Assignment> Whenever the string "been" turns up in a line below, that line should be copied.

---- Data extract

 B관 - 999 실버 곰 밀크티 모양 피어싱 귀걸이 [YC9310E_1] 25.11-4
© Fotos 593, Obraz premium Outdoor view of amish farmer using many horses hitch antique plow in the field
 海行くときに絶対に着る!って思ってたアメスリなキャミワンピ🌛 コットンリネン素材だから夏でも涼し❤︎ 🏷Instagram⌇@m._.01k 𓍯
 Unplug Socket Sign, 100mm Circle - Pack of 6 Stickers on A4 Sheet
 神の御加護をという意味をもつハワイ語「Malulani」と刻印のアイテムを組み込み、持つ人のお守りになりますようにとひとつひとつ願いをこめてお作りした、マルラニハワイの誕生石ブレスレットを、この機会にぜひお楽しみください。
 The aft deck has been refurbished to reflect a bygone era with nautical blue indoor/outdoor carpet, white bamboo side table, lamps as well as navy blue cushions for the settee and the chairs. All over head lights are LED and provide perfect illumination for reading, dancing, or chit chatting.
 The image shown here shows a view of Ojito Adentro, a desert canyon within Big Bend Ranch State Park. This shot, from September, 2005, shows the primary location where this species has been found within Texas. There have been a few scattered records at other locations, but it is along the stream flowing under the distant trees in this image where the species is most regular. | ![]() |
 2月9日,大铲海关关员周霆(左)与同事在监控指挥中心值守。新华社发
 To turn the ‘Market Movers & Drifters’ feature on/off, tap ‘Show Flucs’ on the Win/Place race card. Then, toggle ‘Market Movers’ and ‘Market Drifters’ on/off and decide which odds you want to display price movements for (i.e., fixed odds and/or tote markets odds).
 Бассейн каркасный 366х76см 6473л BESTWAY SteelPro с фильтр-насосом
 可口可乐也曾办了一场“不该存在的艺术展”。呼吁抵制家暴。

--------
---- Data extract

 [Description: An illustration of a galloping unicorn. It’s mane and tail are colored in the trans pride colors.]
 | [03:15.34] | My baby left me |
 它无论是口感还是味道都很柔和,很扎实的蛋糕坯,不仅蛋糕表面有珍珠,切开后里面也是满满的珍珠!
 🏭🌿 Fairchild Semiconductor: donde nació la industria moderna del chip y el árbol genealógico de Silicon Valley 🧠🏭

--------

Answer to the problem>
 The aft deck has been refurbished to reflect a bygone era with nautical blue indoor/outdoor carpet, white bamboo side table, lamps as well as navy blue cushions for the settee and the chairs. All over head lights are LED and provide perfect illumination for reading, dancing, or chit chatting.
 The image shown here shows a view of Ojito Adentro, a desert canyon within Big Bend Ranch State Park. This shot, from September, 2005, shows the primary location where this species has been found within Texas. There have been a few scattered records at other locations, but it is along the stream flowing under the distant trees in this image where the species is most regular. | ![]() |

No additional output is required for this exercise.